Below are some records. Write out exactly their lines from the one with "FIFTY FIFTY 20 OZ" through the one with "Approximately 85 firefighters, most", and leave the pictures behind.

-------- Data shown --------

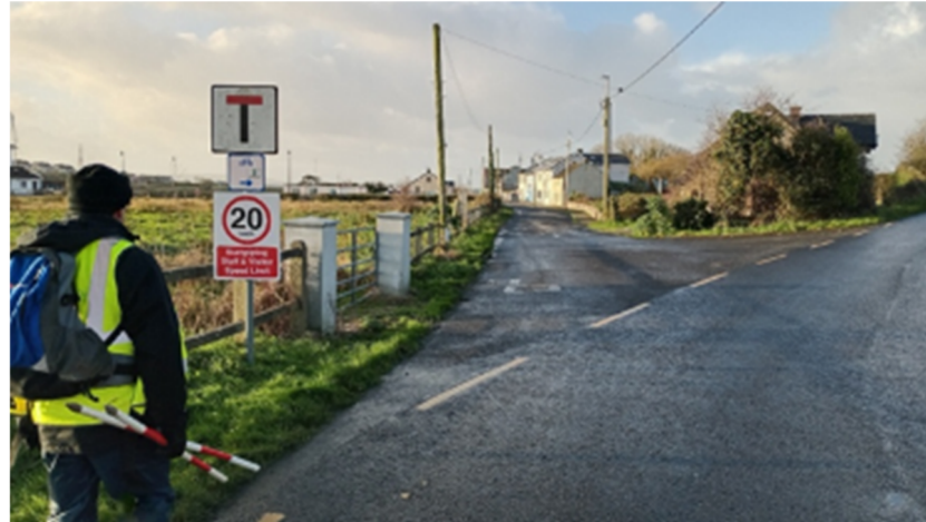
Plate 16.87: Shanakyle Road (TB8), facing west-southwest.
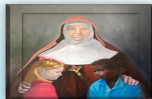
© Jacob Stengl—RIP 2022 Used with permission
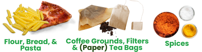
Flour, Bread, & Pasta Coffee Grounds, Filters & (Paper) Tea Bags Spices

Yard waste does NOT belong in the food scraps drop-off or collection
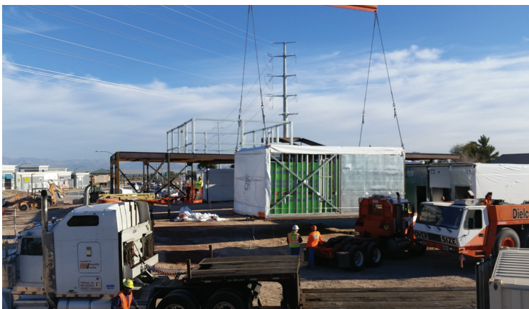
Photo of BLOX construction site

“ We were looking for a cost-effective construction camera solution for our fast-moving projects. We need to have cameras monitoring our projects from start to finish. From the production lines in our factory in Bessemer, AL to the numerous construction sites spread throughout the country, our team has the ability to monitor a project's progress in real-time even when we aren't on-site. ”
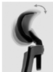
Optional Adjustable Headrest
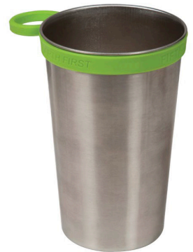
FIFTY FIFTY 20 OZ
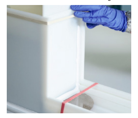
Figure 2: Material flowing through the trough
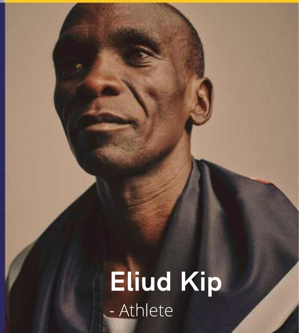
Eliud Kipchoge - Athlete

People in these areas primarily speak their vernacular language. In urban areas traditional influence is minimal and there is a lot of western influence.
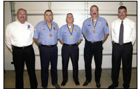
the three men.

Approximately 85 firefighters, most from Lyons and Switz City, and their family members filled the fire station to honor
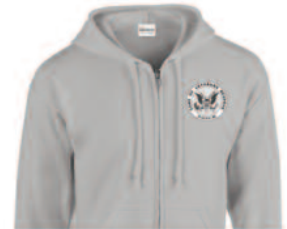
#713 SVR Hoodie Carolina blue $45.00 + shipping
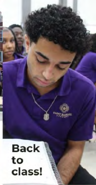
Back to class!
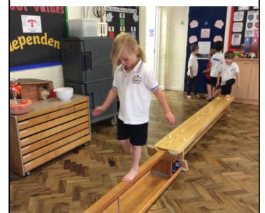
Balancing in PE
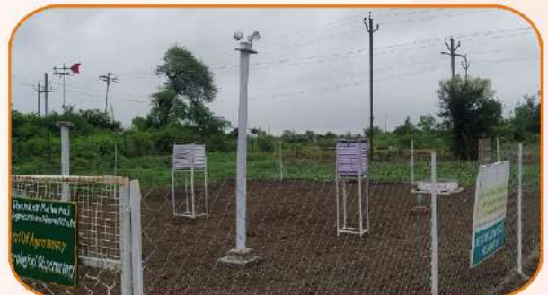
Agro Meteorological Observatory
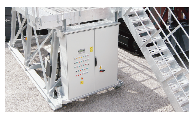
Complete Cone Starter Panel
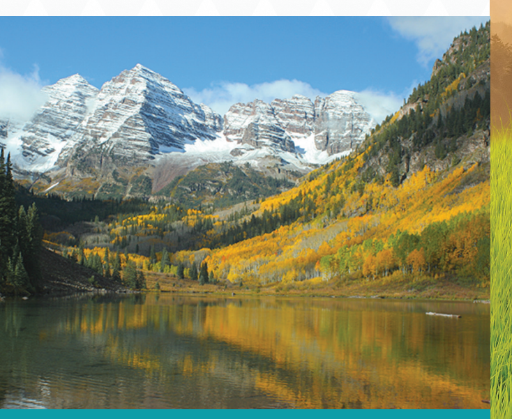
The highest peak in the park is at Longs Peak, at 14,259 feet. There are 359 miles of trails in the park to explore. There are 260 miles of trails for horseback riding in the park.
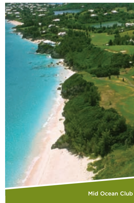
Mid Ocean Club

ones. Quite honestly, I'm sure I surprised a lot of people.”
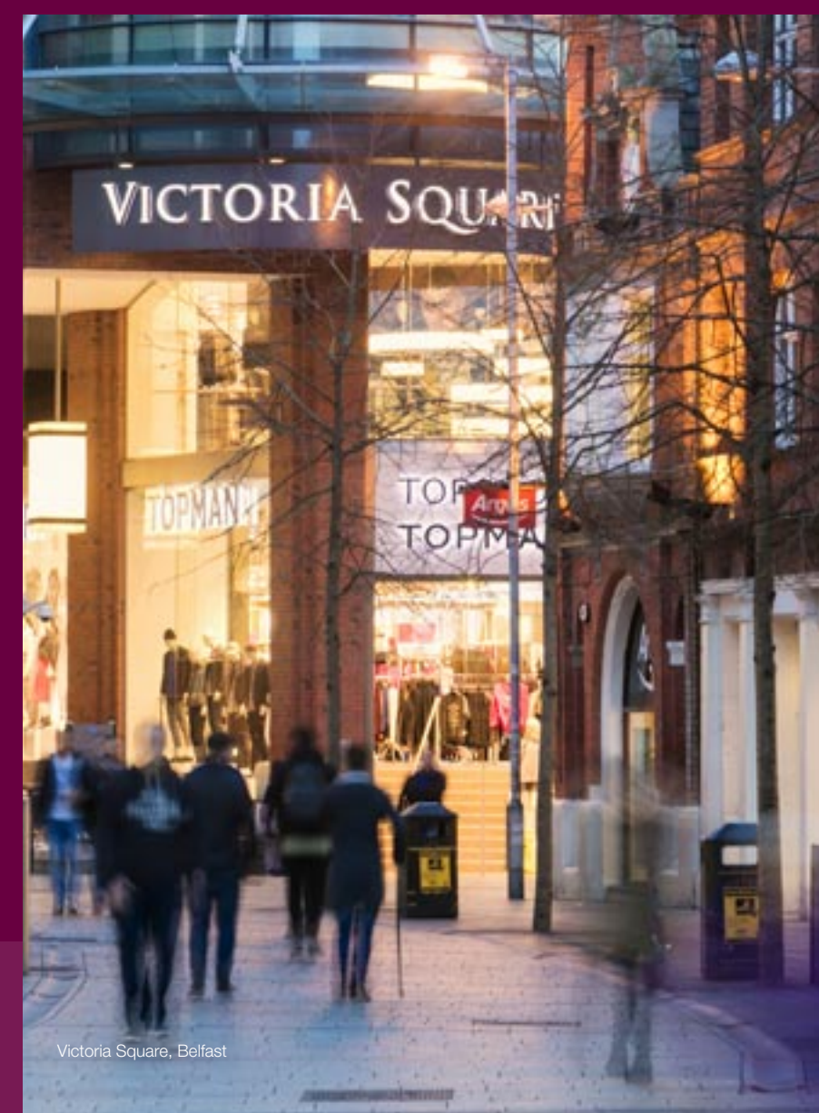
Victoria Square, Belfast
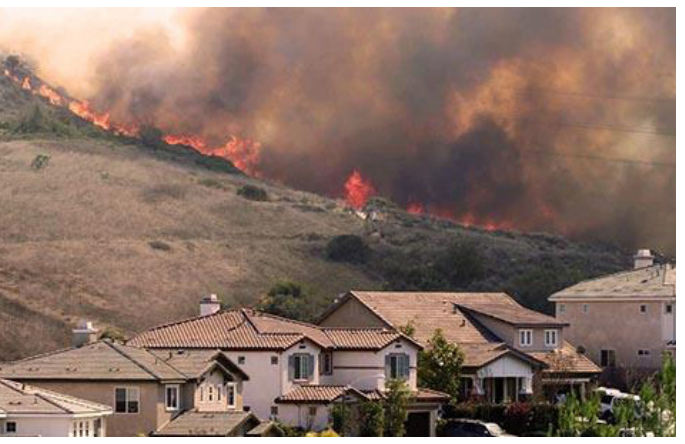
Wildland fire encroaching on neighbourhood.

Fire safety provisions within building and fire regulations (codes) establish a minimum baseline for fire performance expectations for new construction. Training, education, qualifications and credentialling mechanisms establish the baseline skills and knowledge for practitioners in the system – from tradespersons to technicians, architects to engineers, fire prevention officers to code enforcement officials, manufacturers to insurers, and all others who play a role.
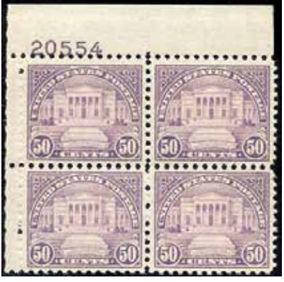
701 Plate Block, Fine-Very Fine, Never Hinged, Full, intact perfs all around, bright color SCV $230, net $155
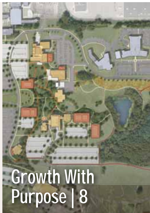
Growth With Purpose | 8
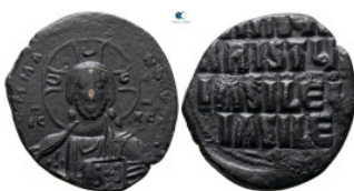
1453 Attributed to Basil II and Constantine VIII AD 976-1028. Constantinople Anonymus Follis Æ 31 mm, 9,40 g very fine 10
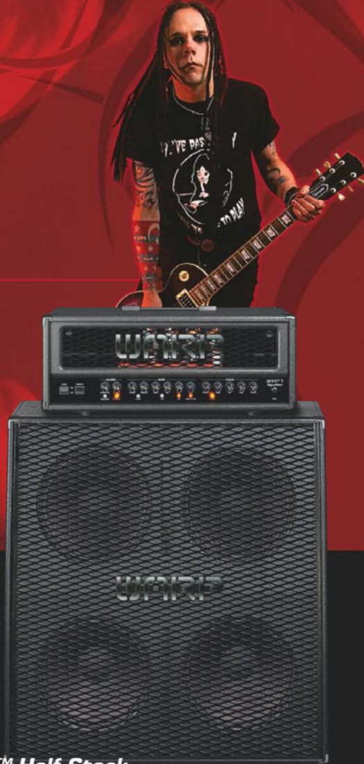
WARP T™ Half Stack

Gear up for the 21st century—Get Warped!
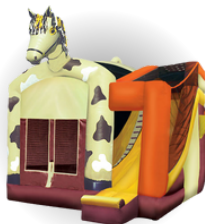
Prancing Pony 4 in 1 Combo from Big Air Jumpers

--------
-------- Data shown --------

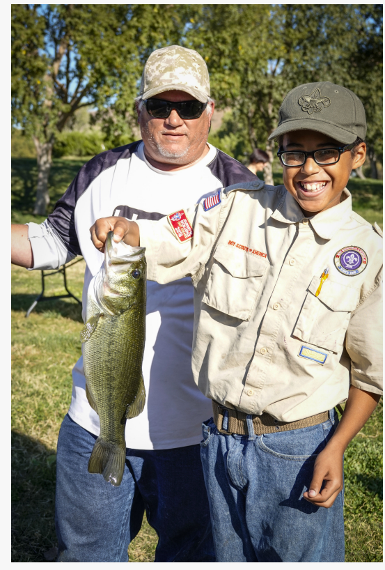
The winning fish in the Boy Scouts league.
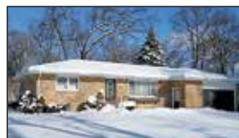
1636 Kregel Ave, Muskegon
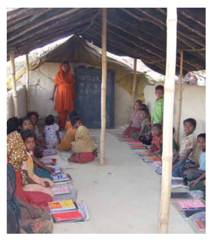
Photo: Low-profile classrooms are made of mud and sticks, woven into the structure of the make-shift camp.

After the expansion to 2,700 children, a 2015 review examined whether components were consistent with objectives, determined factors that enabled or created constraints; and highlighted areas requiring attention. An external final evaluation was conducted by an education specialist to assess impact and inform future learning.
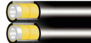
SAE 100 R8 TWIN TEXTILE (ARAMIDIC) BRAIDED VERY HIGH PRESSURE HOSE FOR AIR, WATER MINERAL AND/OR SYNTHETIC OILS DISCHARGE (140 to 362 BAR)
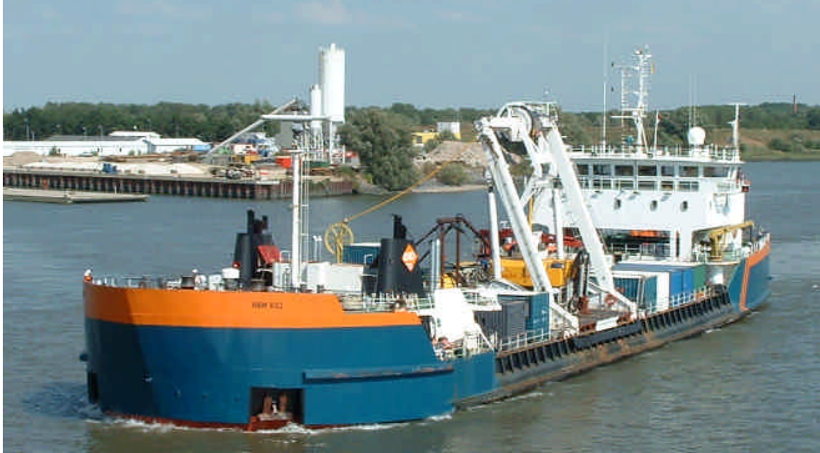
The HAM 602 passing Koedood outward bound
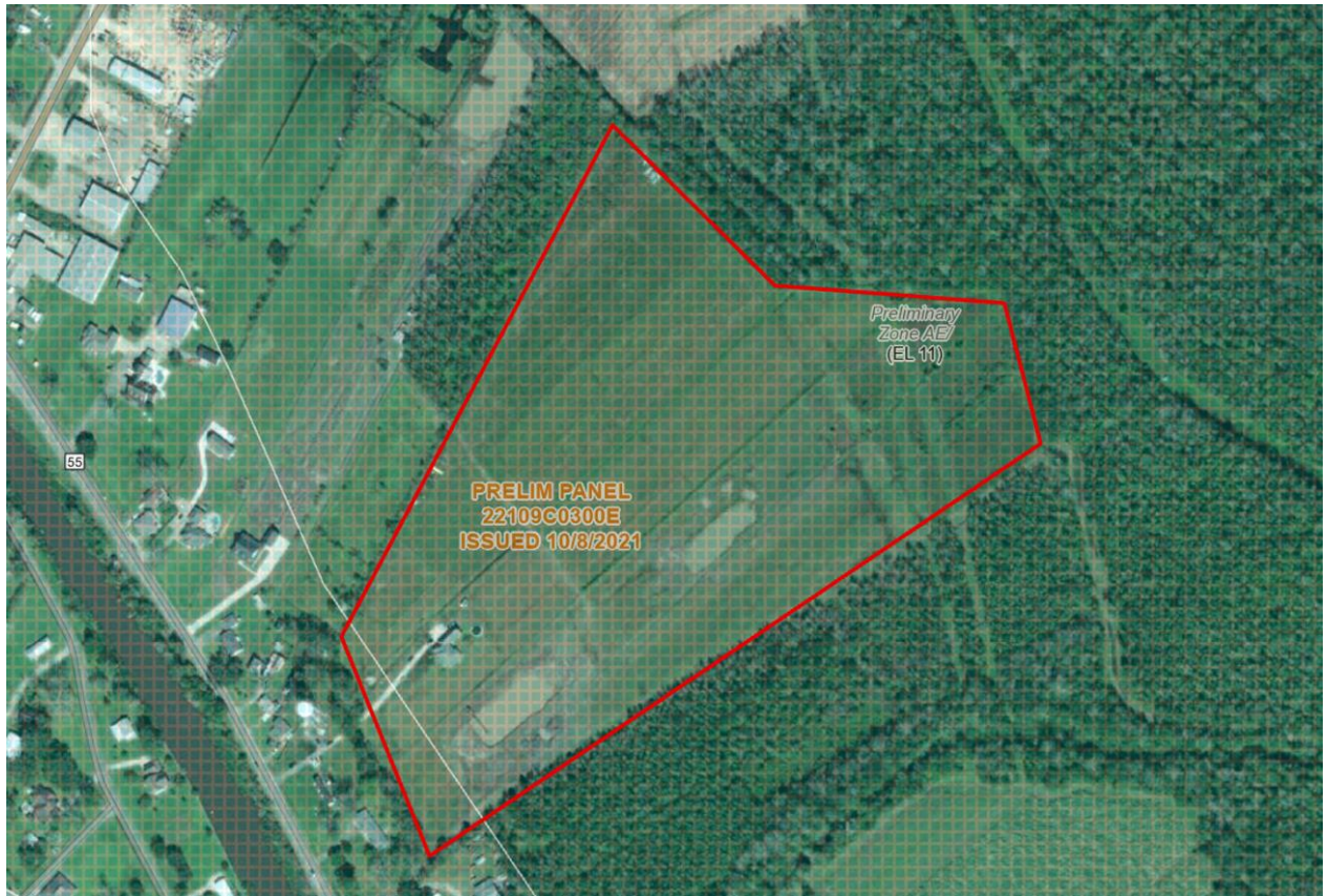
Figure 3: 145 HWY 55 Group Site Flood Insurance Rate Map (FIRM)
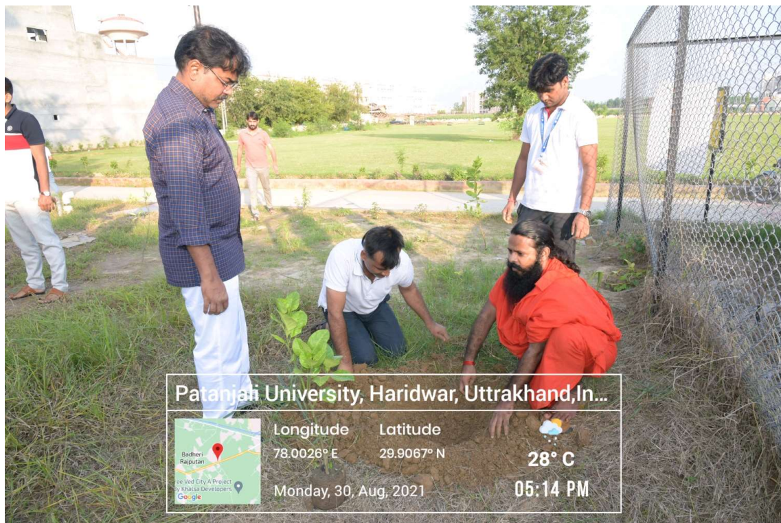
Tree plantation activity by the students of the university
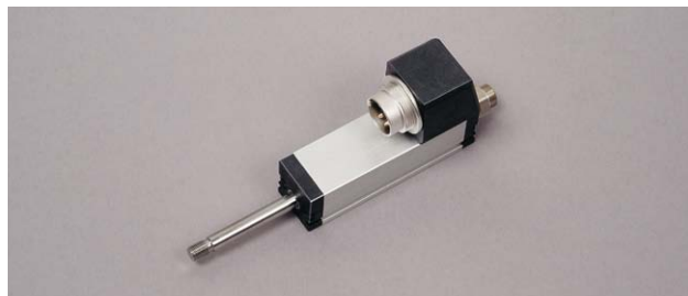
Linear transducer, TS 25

--------
-------- Data shown --------

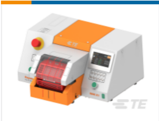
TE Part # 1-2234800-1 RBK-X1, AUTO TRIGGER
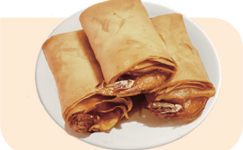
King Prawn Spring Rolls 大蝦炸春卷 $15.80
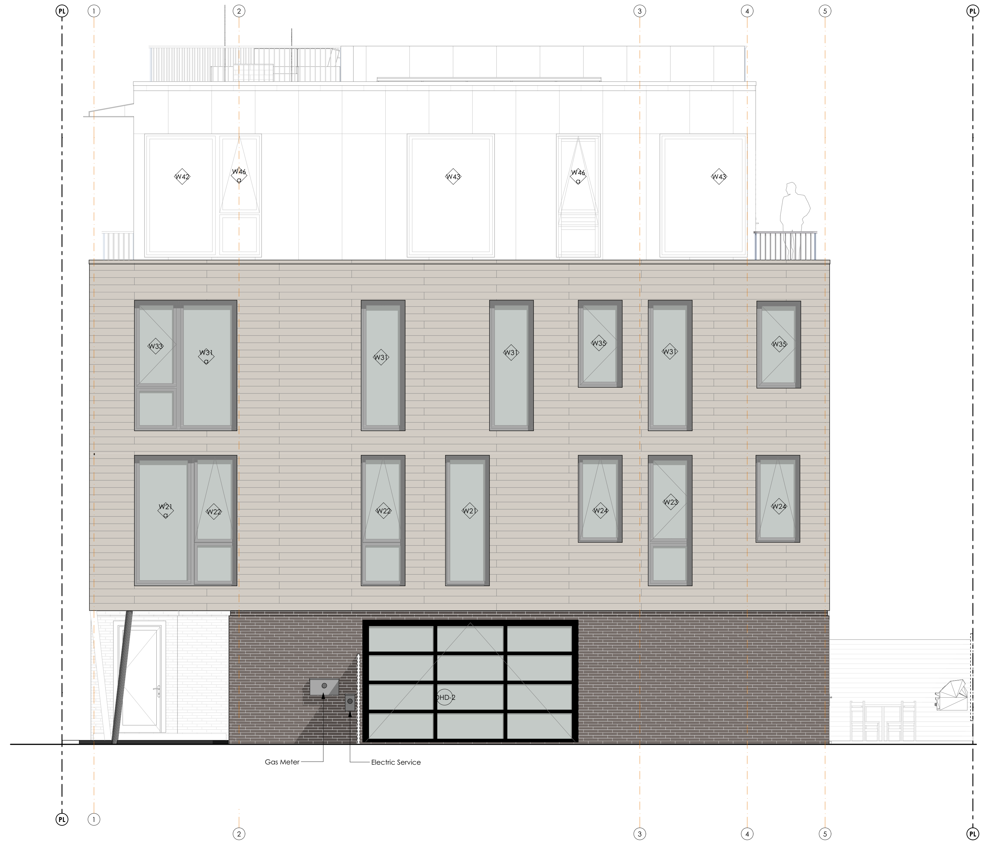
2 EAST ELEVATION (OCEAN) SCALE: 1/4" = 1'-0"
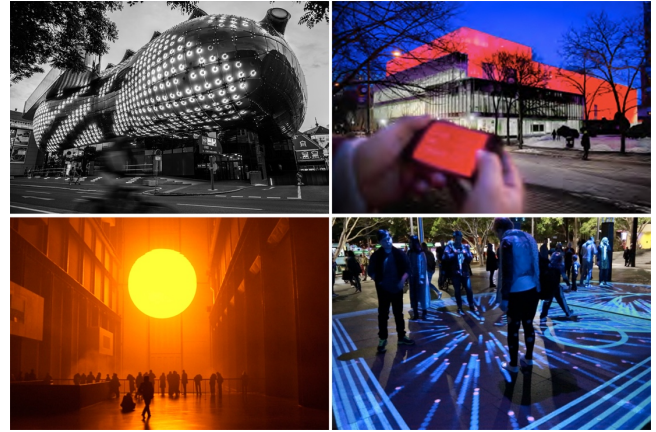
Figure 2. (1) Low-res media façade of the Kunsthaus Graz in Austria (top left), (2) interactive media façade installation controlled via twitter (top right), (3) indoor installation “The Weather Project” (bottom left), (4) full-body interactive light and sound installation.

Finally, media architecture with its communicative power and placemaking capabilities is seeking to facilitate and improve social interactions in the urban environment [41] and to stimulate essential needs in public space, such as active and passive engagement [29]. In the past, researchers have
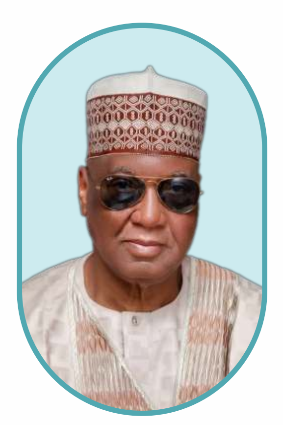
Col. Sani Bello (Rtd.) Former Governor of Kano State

--------

- [Output for this exercise]:
FIFTY FIFTY 20 OZ
Figure 2: Material flowing through the trough
Eliud Kipchoge - Athlete

People in these areas primarily speak their vernacular language. In urban areas traditional influence is minimal and there is a lot of western influence.
the three men.

Approximately 85 firefighters, most from Lyons and Switz City, and their family members filled the fire station to honor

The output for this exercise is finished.